---- Data to process

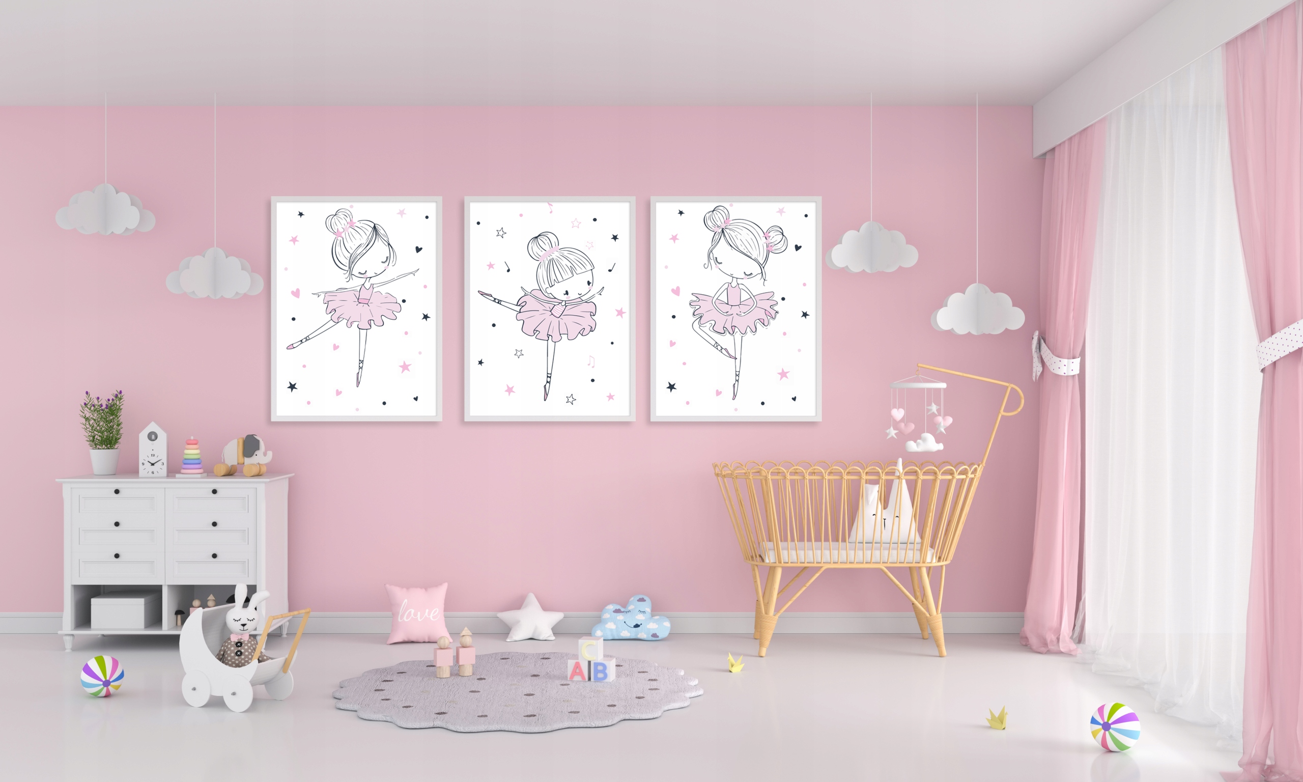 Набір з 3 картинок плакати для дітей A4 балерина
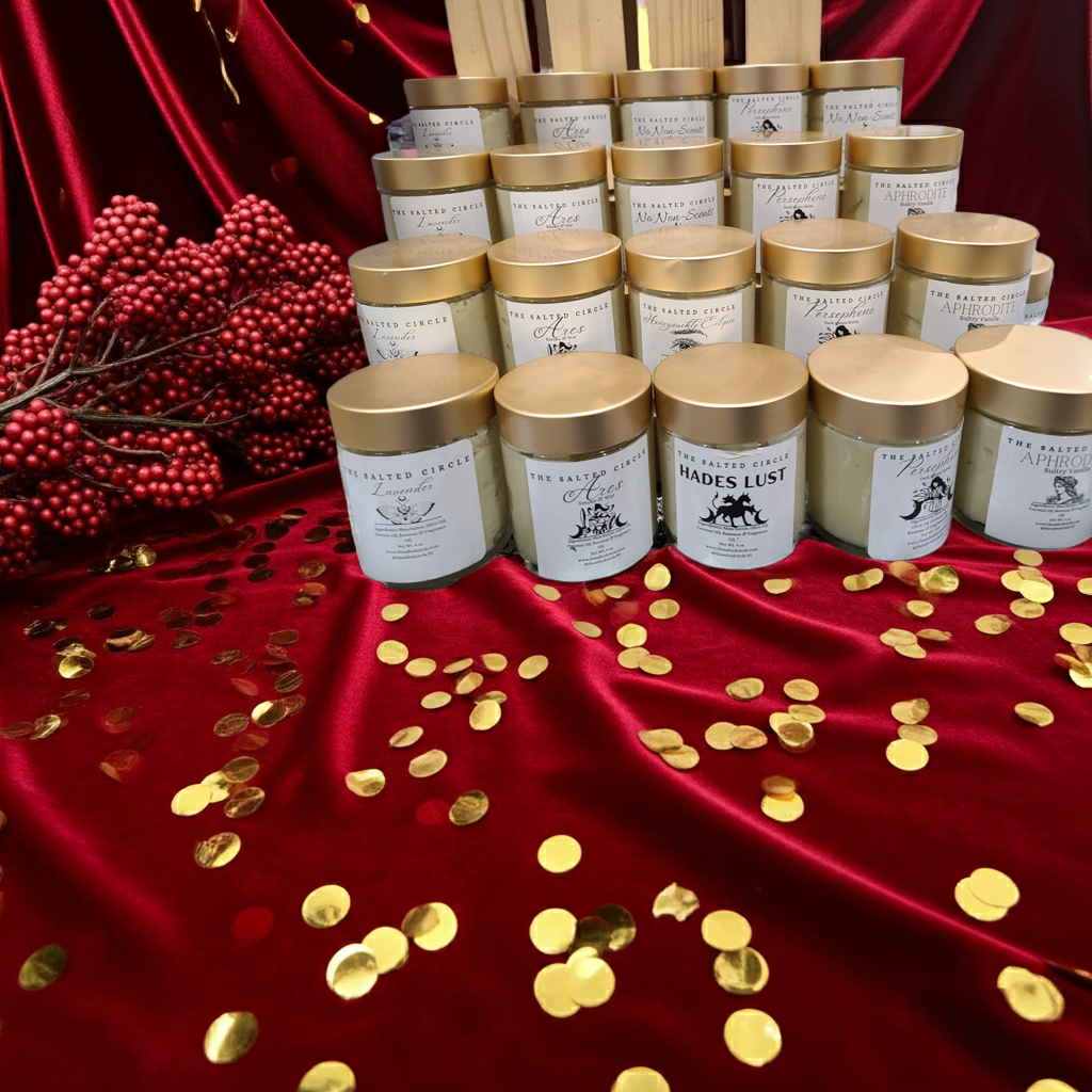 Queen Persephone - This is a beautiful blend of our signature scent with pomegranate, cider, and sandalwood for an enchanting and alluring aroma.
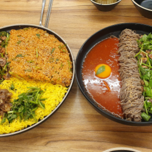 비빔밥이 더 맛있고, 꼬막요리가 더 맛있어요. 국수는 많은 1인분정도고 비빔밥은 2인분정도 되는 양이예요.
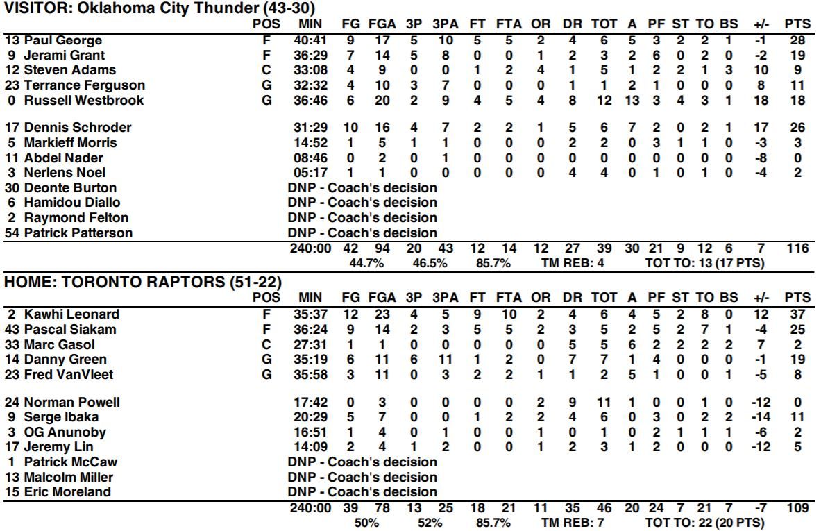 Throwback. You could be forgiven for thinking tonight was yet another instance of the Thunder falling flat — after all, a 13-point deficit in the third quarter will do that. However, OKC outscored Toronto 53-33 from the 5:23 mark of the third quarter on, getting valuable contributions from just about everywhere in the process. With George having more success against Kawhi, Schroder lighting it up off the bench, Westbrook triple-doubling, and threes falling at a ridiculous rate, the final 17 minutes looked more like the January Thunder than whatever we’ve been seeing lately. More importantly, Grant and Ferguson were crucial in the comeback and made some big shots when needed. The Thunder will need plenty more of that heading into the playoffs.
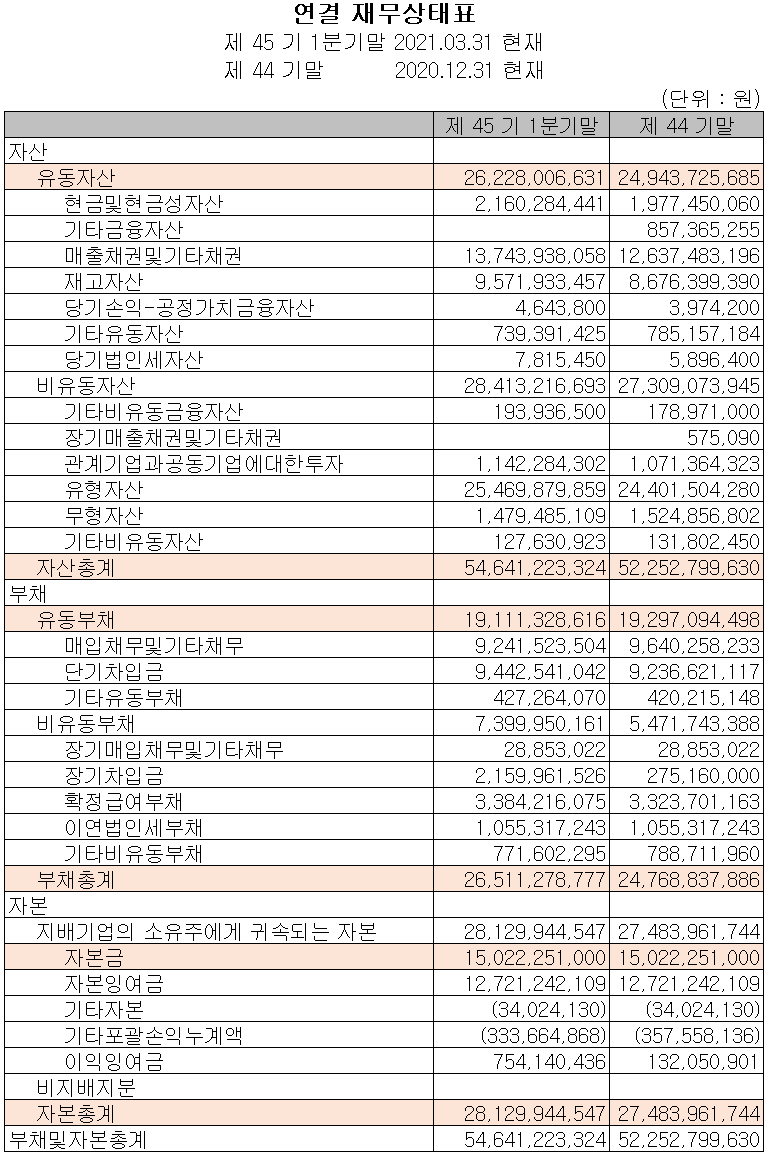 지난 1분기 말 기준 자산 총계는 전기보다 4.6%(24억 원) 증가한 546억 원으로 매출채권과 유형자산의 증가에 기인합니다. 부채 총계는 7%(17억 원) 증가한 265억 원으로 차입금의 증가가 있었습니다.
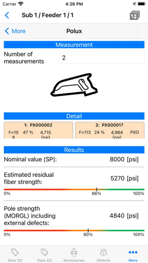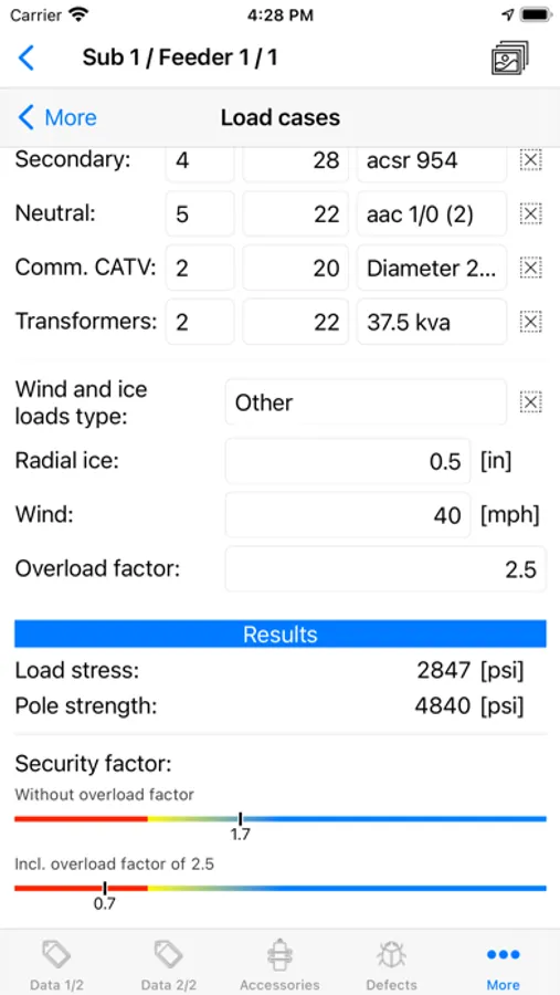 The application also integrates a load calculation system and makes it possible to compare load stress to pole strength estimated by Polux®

--------

Reproduce all of the entries exactly as they appear, though any picture they include must be omitted.

Result for this exercise.
 Набір з 3 картинок плакати для дітей A4 балерина
 Queen Persephone - This is a beautiful blend of our signature scent with pomegranate, cider, and sandalwood for an enchanting and alluring aroma.
 비빔밥이 더 맛있고, 꼬막요리가 더 맛있어요. 국수는 많은 1인분정도고 비빔밥은 2인분정도 되는 양이예요.
 Throwback. You could be forgiven for thinking tonight was yet another instance of the Thunder falling flat — after all, a 13-point deficit in the third quarter will do that. However, OKC outscored Toronto 53-33 from the 5:23 mark of the third quarter on, getting valuable contributions from just about everywhere in the process. With George having more success against Kawhi, Schroder lighting it up off the bench, Westbrook triple-doubling, and threes falling at a ridiculous rate, the final 17 minutes looked more like the January Thunder than whatever we’ve been seeing lately. More importantly, Grant and Ferguson were crucial in the comeback and made some big shots when needed. The Thunder will need plenty more of that heading into the playoffs.
 지난 1분기 말 기준 자산 총계는 전기보다 4.6%(24억 원) 증가한 546억 원으로 매출채권과 유형자산의 증가에 기인합니다. 부채 총계는 7%(17억 원) 증가한 265억 원으로 차입금의 증가가 있었습니다.
 The application also integrates a load calculation system and makes it possible to compare load stress to pole strength estimated by Polux®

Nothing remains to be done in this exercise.